__About this exercise__. Copy out the data exactly as it appears, without a single image.

__Data below__.
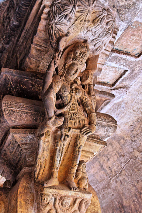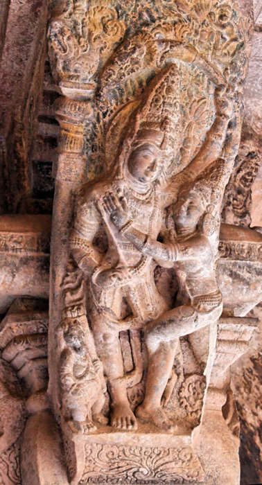 Shiva sous sa forme androgyne est sculpté sur un des piliers. Sa moitié masculine est à sa droite, sa 2ème main tenant la hache. Sa 2ème main féminine tient un miroir.(A.M. Loth, 2006)
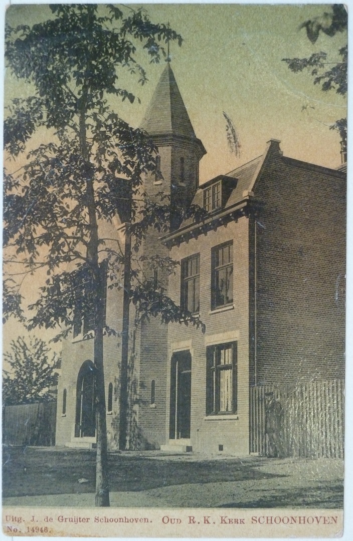 Prentbriefkaart met oud katholieke kerk St. Bartholomeüs aan de Wal te Schoonhoven
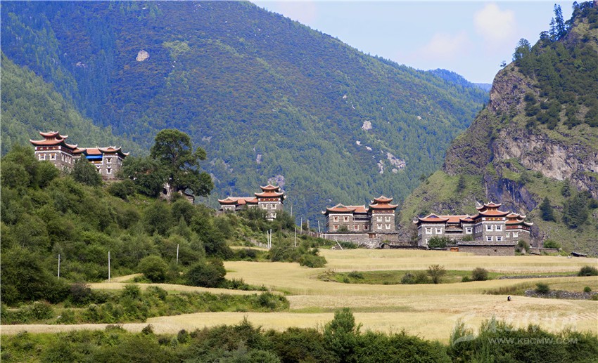 藏寨從大金河谷層層疊疊向上攀緣,在相對高差近千米的山坡上,一幢幢藏式樓房或星羅棋布,或稠密集中,錯(cuò)落有致。不時(shí)炊煙裊裊、云霧繚繞,詩情畫意。

__Reply to the task__.
 Shiva sous sa forme androgyne est sculpté sur un des piliers. Sa moitié masculine est à sa droite, sa 2ème main tenant la hache. Sa 2ème main féminine tient un miroir.(A.M. Loth, 2006)
 Prentbriefkaart met oud katholieke kerk St. Bartholomeüs aan de Wal te Schoonhoven
 藏寨從大金河谷層層疊疊向上攀緣,在相對高差近千米的山坡上,一幢幢藏式樓房或星羅棋布,或稠密集中,錯(cuò)落有致。不時(shí)炊煙裊裊、云霧繚繞,詩情畫意。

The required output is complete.